Soudainement il se tourna vers Remus. Leurs regards se rencontrèrent, se happèrent violemment pour ne plus se lâcher. Remus aurait été incapable de quitter ses orbes irisées, dont la couleur brillait si violemment qu'il en avait la gorge serrée. Il comprit alors que Sirius aussi était un être brisé.
« Je suis venu ici assez souvent cette semaine. Je n'arrivais pas à… » il inspira profondément, s'obligeant à ne pas quitter le regard de Remus. « Je n'arrivais pas à comprendre pourquoi tu étais parti aussi vite. Je ne pouvais pas simplement croire que tu n'avais pas aimé, ou que tu avais honte parce que sérieusement Remus… Tu était diaboliquement sexy. »
Les joues de Remus brûlèrent sous l'intensité de ce regard, retrouvant la même flamme qui l'avait saisit ce soir-là. Ce soir-là... Il s'intima au calme, inspirant profondément, sans dévier son regard. Il s'était approché imperceptiblement, son cœur battant toujours follement dans sa poitrine. D'appréhension, d'excitation, d'autres émotions qui le happaient avec délice et qu'il ne voulait pas refouler. Pas cette fois.
« Alors j'ai essayé de rassembler les pièces du puzzle. Je savais que tu avais connu… une déception amoureuse ou quelque chose comme cela. Que c'était peut être un homme – sans doute même au vue de ta réaction au Nouvel an. Je savais que ça t'avait brisé. Mais il y avait plus. Plus qu'un simple chagrin amoureux. Quelque chose qui t'avait rendu apathique, craintif. Comme si tu avais peur d'aller vers les autres. Non pas par crainte que les autres te fassent du mal… mais l'inverse. »

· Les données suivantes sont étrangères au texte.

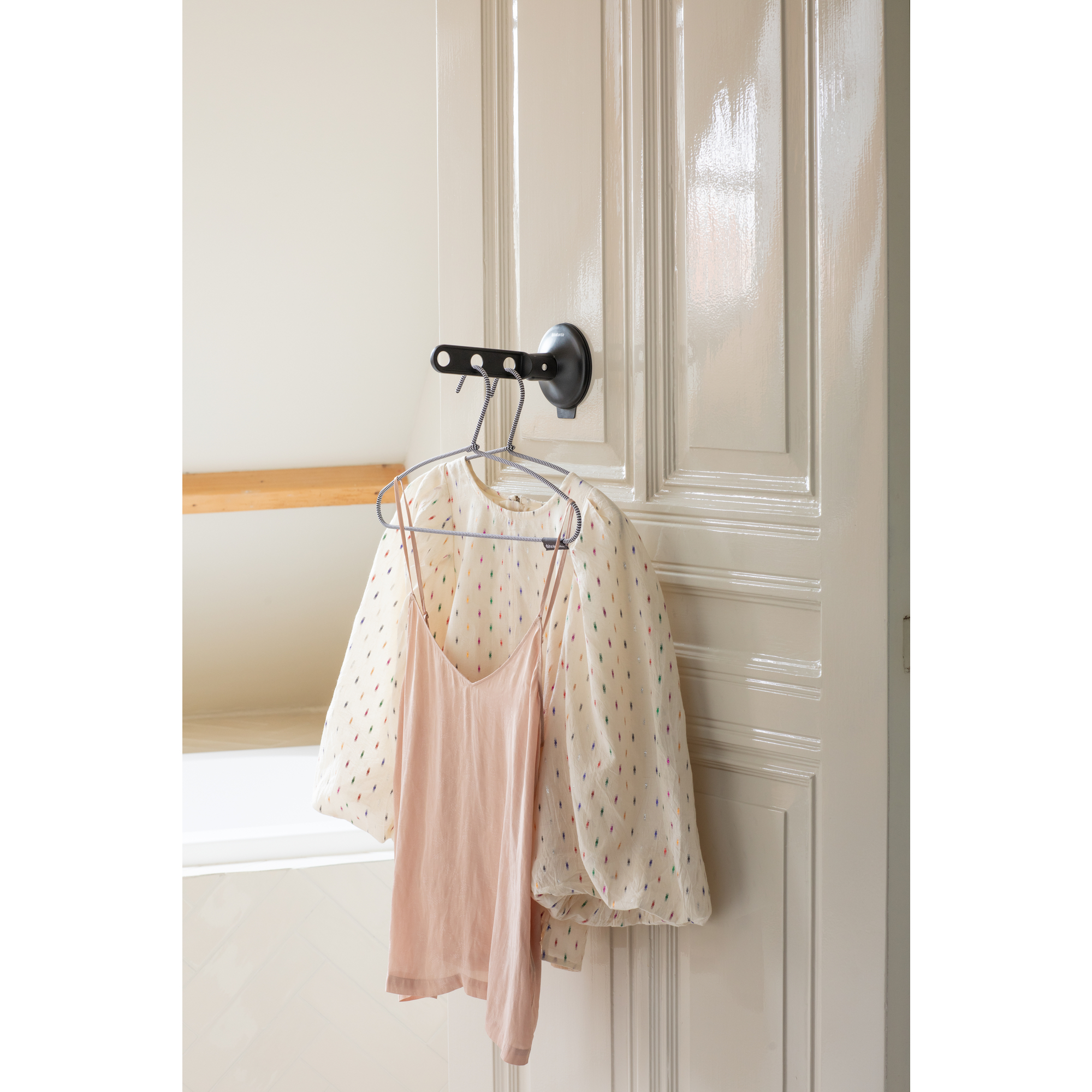 هواگیری لباس‌ها باعث صرفه‌جویی در شستشو می‌شود. با قلاب لباس Brabantia با مکنده می‌توانید لباس‌های خود را هر کجا که دوست دارید آویزان کنید. این قلاب هوشمند می‌تواند 3 آویز و تا 2 کیلوگرم وزن را تحمل کند. فقط آن را به یک پنجره باز، درب دوش یا کاشی‌ها بچسبانید تا هواگیری شود.
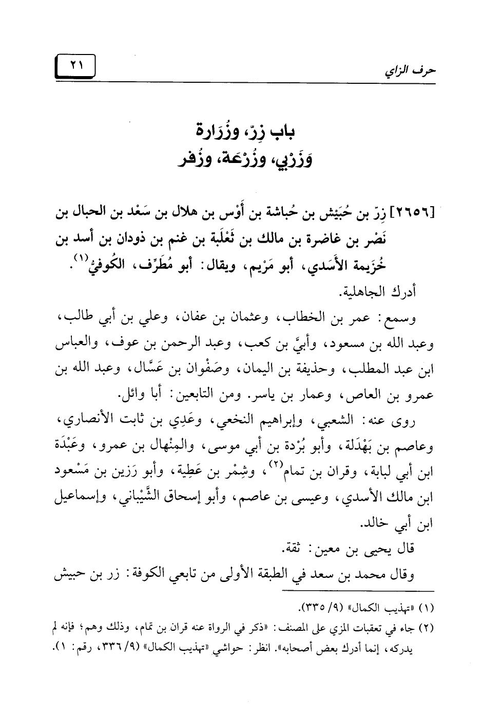 [٢٦٥٦] زِرّ بن حُبَيْش بن حُباشة بن أَوْس بن هلال بن سَعْد بن الحبال بن نَصْر بن غاضرة بن مالك بن ثَعْلَبة بن غنم بن ذودان بن أسد بن خُزَيمة الأَسَدي، أبو مَرْيم، ويقال: أبو مُطَرِّف، الكُوفيُّ (¬١).

La voix de Sirius s'accélérait, comme s'il essayait de rendre leur cohérence à ses pensés, de trouver la clé d'une énigme qu'il avait sous les yeux mais qui le rendait aveugle. Il se tourna entièrement vers Remus, et mena la main de ce dernier à ses lèvres, le faisant frémir. Il se radoucit, souriant contre la peau de Remus qui en oubliait de respirer. Ils y étaient.
« Il ne t'a pas simplement brisé le cœur n'est-ce pas ?
- Non.
- Il t'a… Je ne sais pas quels sont les termes exacts.
- En général, j'utilise le mot contaminer. »
Il sentait Sirius frissonner et se reculer. Le contact fut brisé, et Remus sentit ses forces le quitter soudainement. L'envie de rester ainsi, assis, sans bouger se fit ressentir. Alors que Sirius ne le touchait plus, il avait comme perdu l'envie de bouger à son tour.
« J'ai le Sida. »
Les mots flottèrent un instant entre eux. Le silence s'installa jusqu'à ce que Sirius bouge à nouveau et lui sourit.
Il lui souriait.
Ca n'avait aucun putain de sens. Pourquoi est-ce qu'il lui souriait ? Remus resta perplexe, sourcils froncés et bouche entrouverte, ne sachant comment prendre ce genre de réaction. C'était bien la première fois que quelqu'un lui souriait quand il annonçait être porteur d'un des virus les plus terrifiants des années 1980.
« Ce n'était pas si dur de l'avouer si ?
- Tu te fiches de moi ? C'est… C'est en général le genre de chose qui fait fuir les gens. C'est pire que la peste. On sait pas d'où ça vient, comment ça se transmet ni… on sait juste que… Ça tue. »
Le dernier mot fut prononcé avec une sorte de fatalisme qui n'échappa pas à Sirius. S'approchant à nouveau de Remus il frôla son bras, entamant des mouvements d'allers et venus qui les apaisaient tous les deux.
« Celui qui t'a… contaminé. Il est ?
- Mort. Ce Noël.
- Je suis désolé, Remus.
- Ne le sois pas. Il l'avait mérité, cet enfoiré. Je ne savais pas qu'il… Je pensais qu'il était honnête. Je pensais qu'il m'aimait. Mais il y a des gens qui sont tellement en colère, qu'ils trouvent amusant de simplement… partager cela. Contaminer les autres pour le plaisir de les voir souffrir à leur tour. »
La lueur qui étincelait les yeux de Sirius à ce moment-là était si rougeoyante que Remus eut un mouvement de sursaut. La colère grandit en lui, et Remus se sentit honteux. Il bafouilla, se recula, entourant son torse de ses mains, et évita le regard orageux autant que possible : « Ce n'est pas… Je ne suis pas comme cela. On aurait pas dû… Tous les deux… C'était une erreur. J'avais bu, je n'ai pas su me maîtriser mais… Ca ne se reproduira pas. Je refuse de prendre ce risque. »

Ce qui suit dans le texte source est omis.